▸ DATA PROVIDED:
+-------+
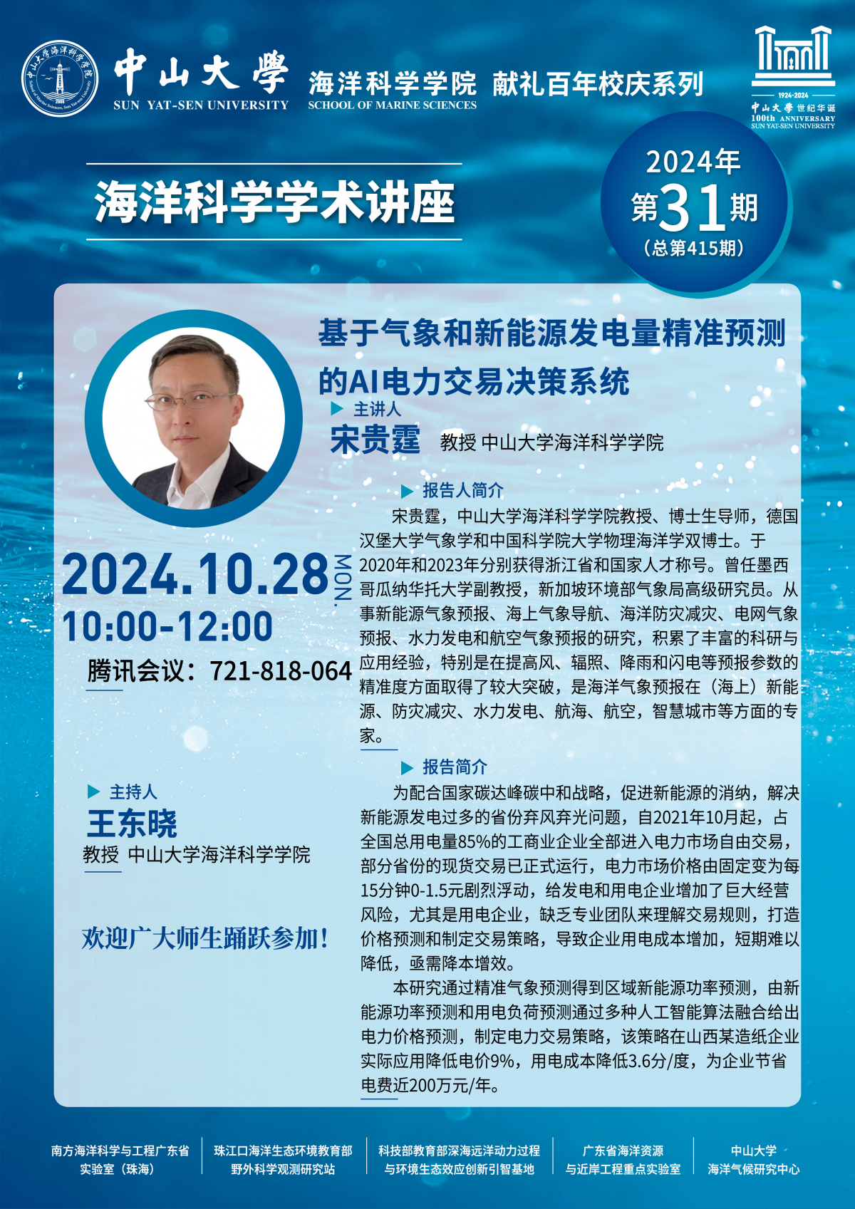 海洋科学学术讲座预告第415期:基于气象和新能源发电量精准预测的AI电力交易决策系统
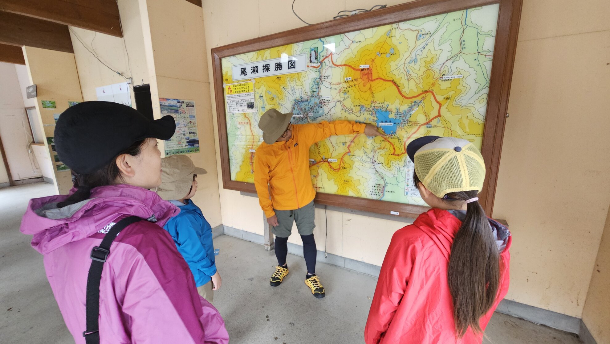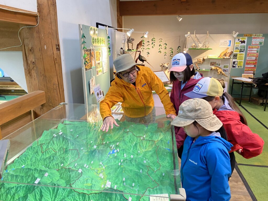 山の鼻ビジターセンターを見学。歩く場所を3D地図で確認したり
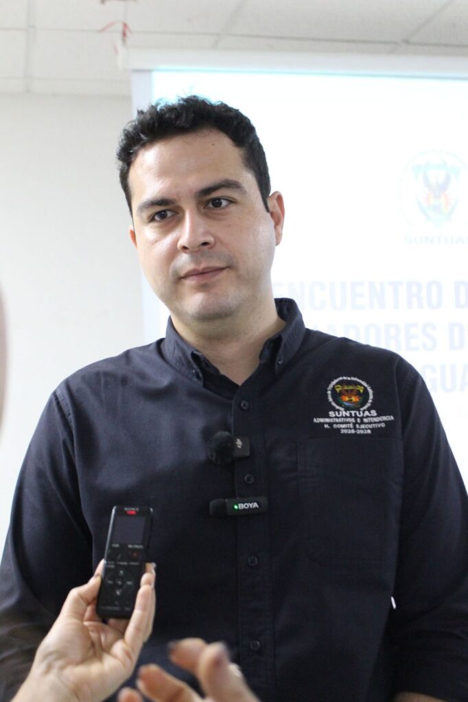 Señaló que a diferencia de la relación de apertura y diálogo que mantiene el SUNTUAS con las autoridades de la institución, en el contexto actual, el Sindicato de Trabajadores de la Universidad San Carlos vive un contexto de persecución en contra del movimiento sindical y de los directivos del gremio, lo que los ha llevado a interponer quejas ante la OIT.
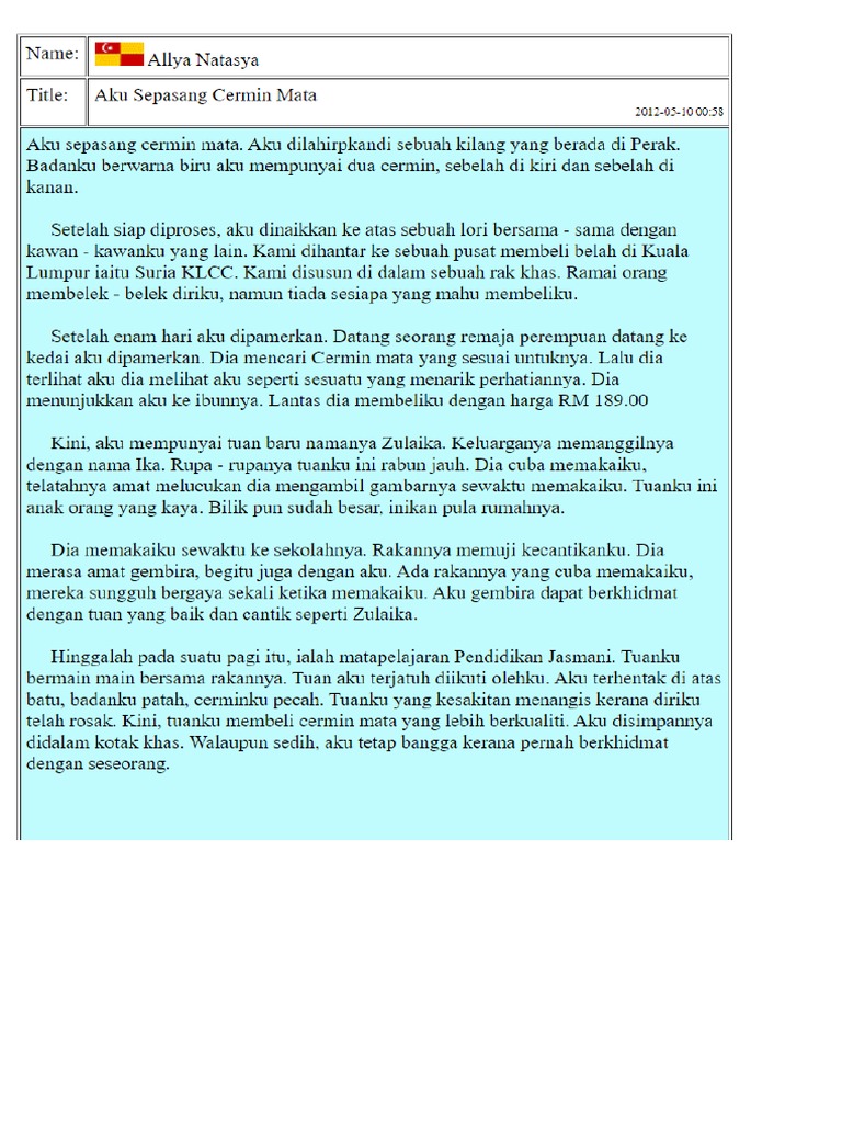 Karangan Autobiografi Aku Sepasang Cermin Mata Pdf
+-------+
Reproduce, exactly and without pictures, the lines above from the one containing "Señaló que a" through the last line of the material, both ends included, and nothing more.

 Señaló que a diferencia de la relación de apertura y diálogo que mantiene el SUNTUAS con las autoridades de la institución, en el contexto actual, el Sindicato de Trabajadores de la Universidad San Carlos vive un contexto de persecución en contra del movimiento sindical y de los directivos del gremio, lo que los ha llevado a interponer quejas ante la OIT.
 Karangan Autobiografi Aku Sepasang Cermin Mata Pdf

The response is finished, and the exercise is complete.